## [THE PROBLEM]
Each of the entries below is to be written out exactly, and the images skipped.

## [GIVEN INFORMATION]
* * *

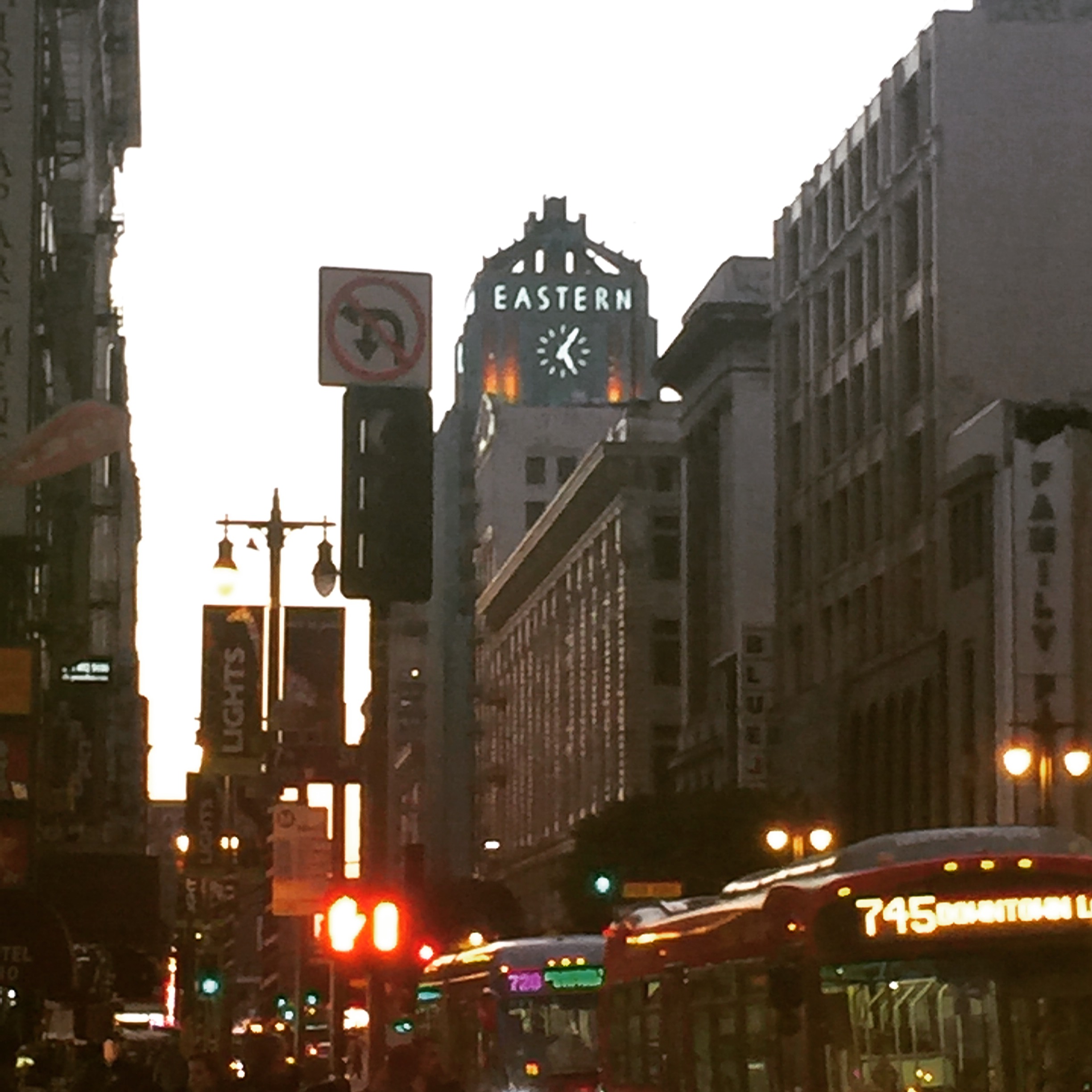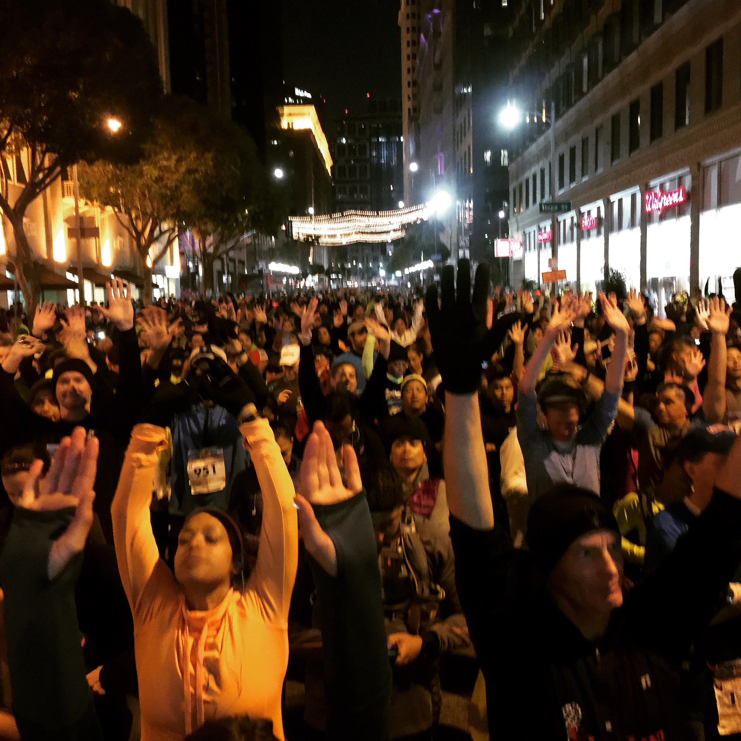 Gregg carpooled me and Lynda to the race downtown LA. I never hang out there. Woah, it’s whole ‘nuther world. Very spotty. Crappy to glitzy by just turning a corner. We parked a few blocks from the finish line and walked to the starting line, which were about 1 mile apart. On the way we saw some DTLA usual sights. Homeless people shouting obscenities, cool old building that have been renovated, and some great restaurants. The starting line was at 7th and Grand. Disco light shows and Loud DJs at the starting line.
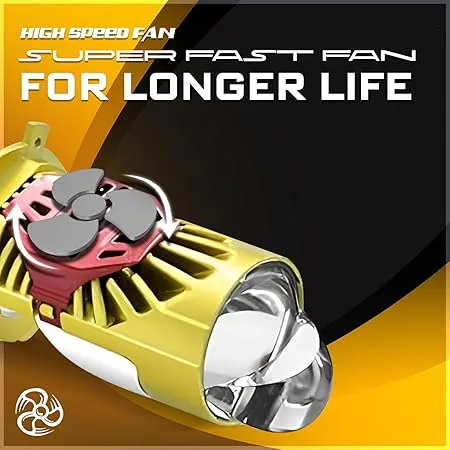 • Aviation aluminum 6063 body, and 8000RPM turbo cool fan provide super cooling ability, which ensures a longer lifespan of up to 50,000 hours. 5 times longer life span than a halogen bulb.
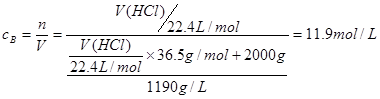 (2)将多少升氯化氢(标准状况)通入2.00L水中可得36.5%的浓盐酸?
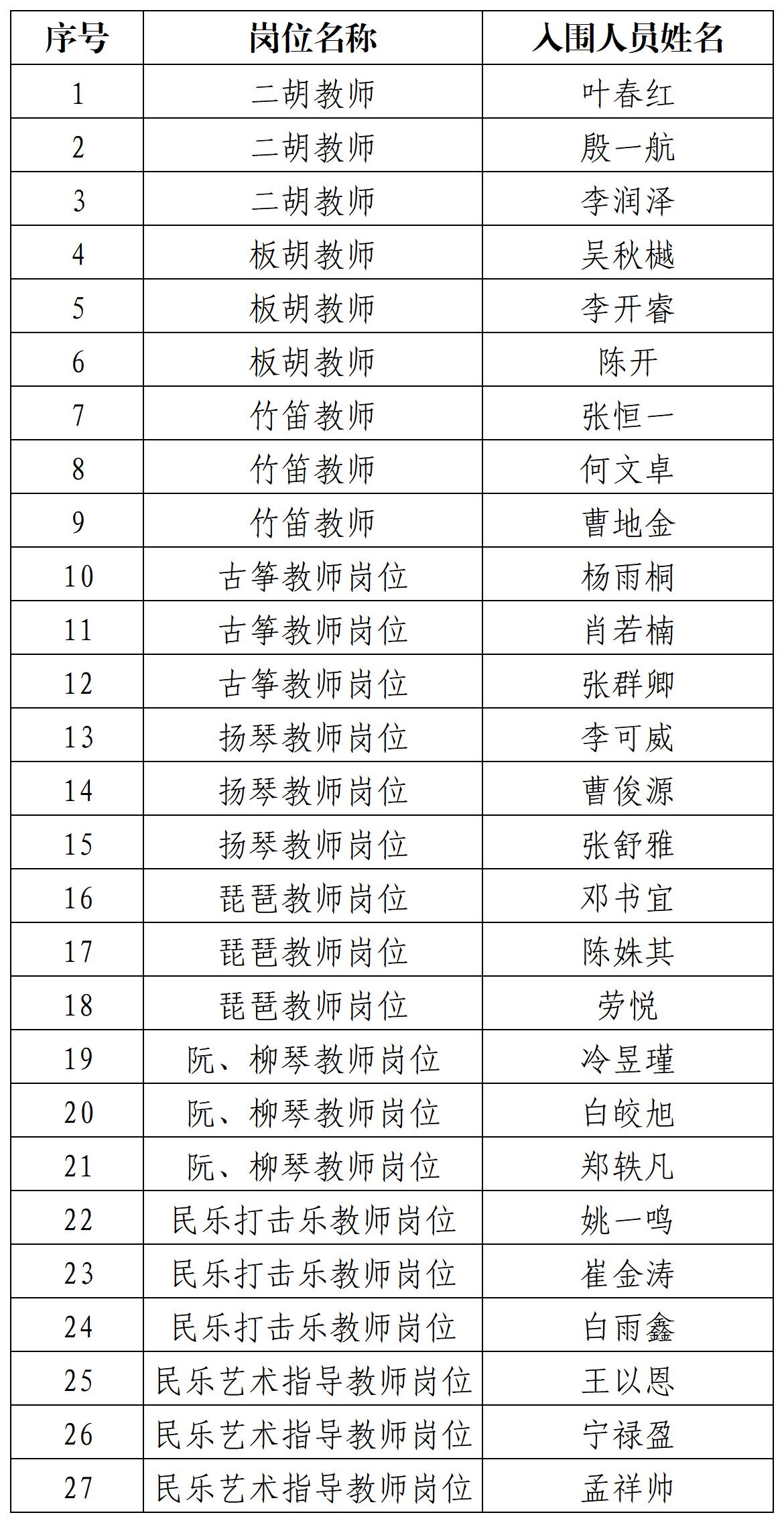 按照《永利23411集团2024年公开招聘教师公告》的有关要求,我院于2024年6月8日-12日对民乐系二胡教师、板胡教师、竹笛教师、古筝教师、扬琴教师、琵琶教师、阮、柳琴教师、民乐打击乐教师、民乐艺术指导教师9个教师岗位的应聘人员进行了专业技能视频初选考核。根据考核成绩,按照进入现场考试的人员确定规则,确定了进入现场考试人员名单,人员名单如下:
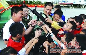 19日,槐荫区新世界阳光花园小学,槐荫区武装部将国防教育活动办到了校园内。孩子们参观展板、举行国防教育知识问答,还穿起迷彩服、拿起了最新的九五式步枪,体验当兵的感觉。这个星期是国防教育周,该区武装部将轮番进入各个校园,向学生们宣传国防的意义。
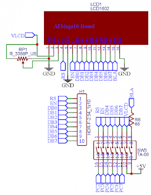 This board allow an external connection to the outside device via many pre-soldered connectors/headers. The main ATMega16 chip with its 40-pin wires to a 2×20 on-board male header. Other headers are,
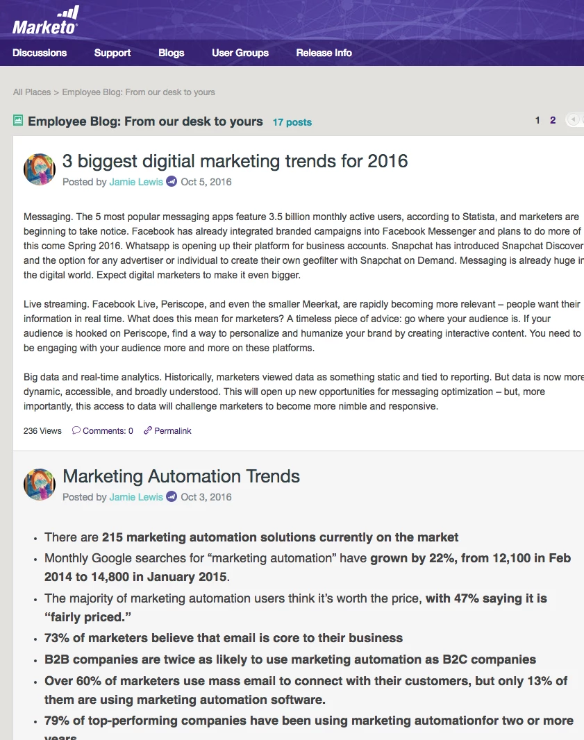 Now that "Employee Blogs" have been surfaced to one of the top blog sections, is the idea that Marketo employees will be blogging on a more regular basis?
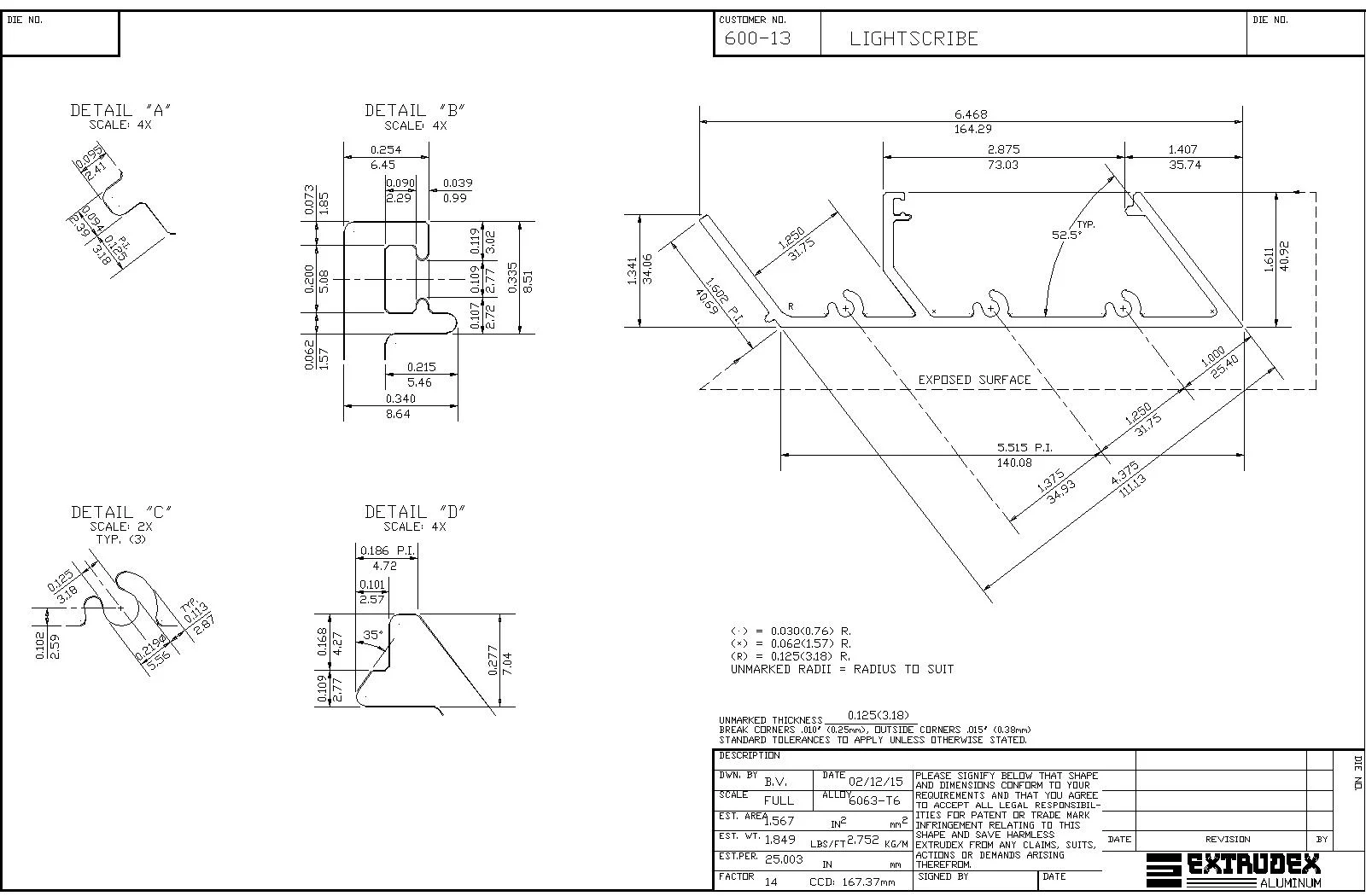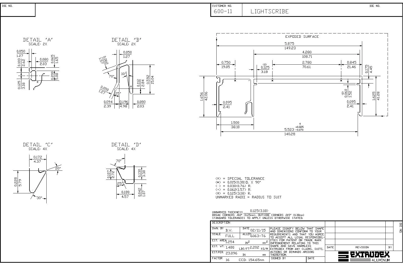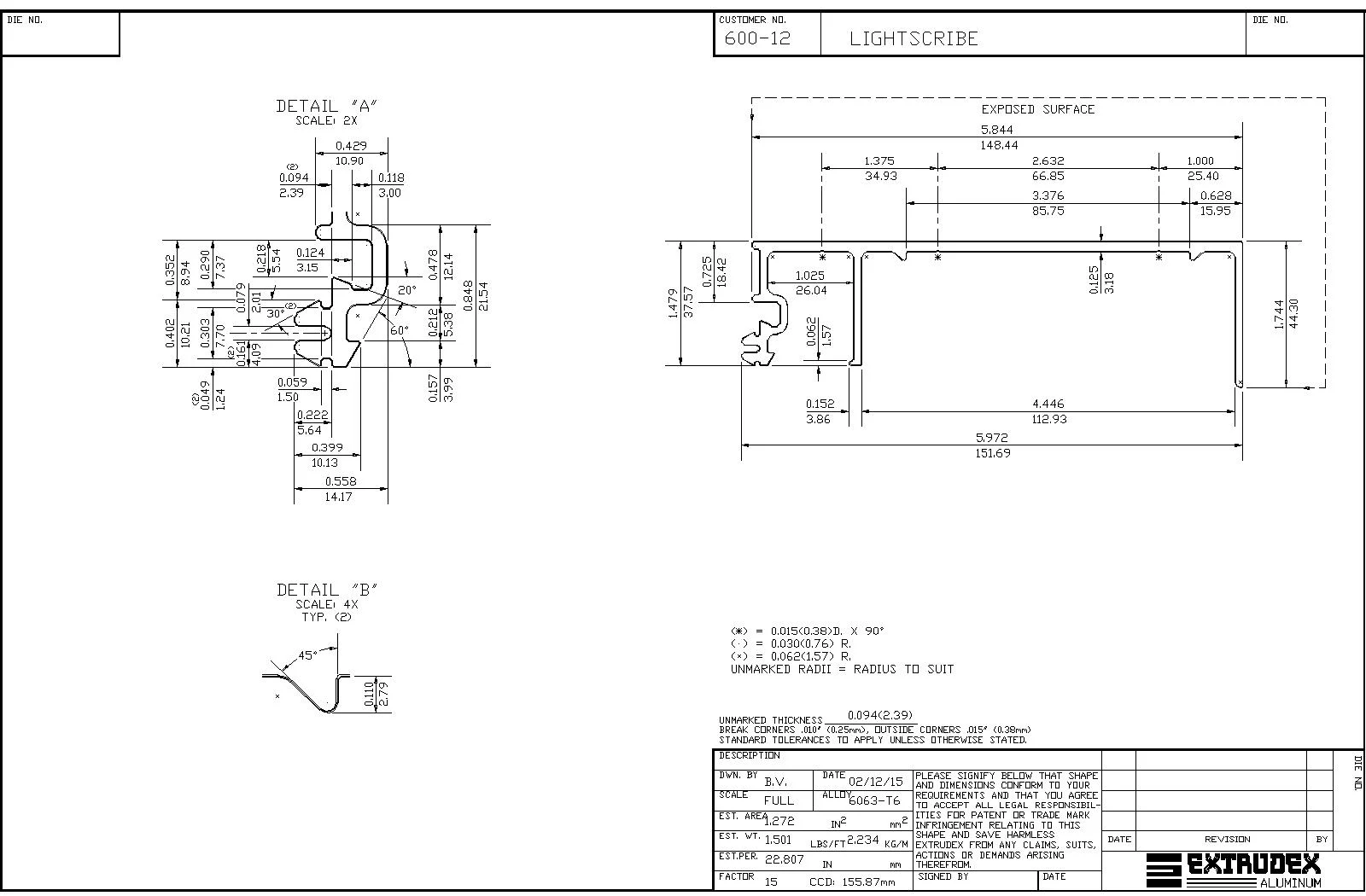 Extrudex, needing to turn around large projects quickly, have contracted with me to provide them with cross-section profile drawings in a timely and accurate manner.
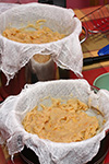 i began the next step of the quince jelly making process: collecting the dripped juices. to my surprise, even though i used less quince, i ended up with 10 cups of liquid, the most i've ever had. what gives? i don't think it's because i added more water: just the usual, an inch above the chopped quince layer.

* * *

## [RESPONSE]
 Gregg carpooled me and Lynda to the race downtown LA. I never hang out there. Woah, it’s whole ‘nuther world. Very spotty. Crappy to glitzy by just turning a corner. We parked a few blocks from the finish line and walked to the starting line, which were about 1 mile apart. On the way we saw some DTLA usual sights. Homeless people shouting obscenities, cool old building that have been renovated, and some great restaurants. The starting line was at 7th and Grand. Disco light shows and Loud DJs at the starting line.
 • Aviation aluminum 6063 body, and 8000RPM turbo cool fan provide super cooling ability, which ensures a longer lifespan of up to 50,000 hours. 5 times longer life span than a halogen bulb.
 (2)将多少升氯化氢(标准状况)通入2.00L水中可得36.5%的浓盐酸?
 按照《永利23411集团2024年公开招聘教师公告》的有关要求,我院于2024年6月8日-12日对民乐系二胡教师、板胡教师、竹笛教师、古筝教师、扬琴教师、琵琶教师、阮、柳琴教师、民乐打击乐教师、民乐艺术指导教师9个教师岗位的应聘人员进行了专业技能视频初选考核。根据考核成绩,按照进入现场考试的人员确定规则,确定了进入现场考试人员名单,人员名单如下:
 19日,槐荫区新世界阳光花园小学,槐荫区武装部将国防教育活动办到了校园内。孩子们参观展板、举行国防教育知识问答,还穿起迷彩服、拿起了最新的九五式步枪,体验当兵的感觉。这个星期是国防教育周,该区武装部将轮番进入各个校园,向学生们宣传国防的意义。
 This board allow an external connection to the outside device via many pre-soldered connectors/headers. The main ATMega16 chip with its 40-pin wires to a 2×20 on-board male header. Other headers are,
 Now that "Employee Blogs" have been surfaced to one of the top blog sections, is the idea that Marketo employees will be blogging on a more regular basis?
 Extrudex, needing to turn around large projects quickly, have contracted with me to provide them with cross-section profile drawings in a timely and accurate manner.
 i began the next step of the quince jelly making process: collecting the dripped juices. to my surprise, even though i used less quince, i ended up with 10 cups of liquid, the most i've ever had. what gives? i don't think it's because i added more water: just the usual, an inch above the chopped quince layer.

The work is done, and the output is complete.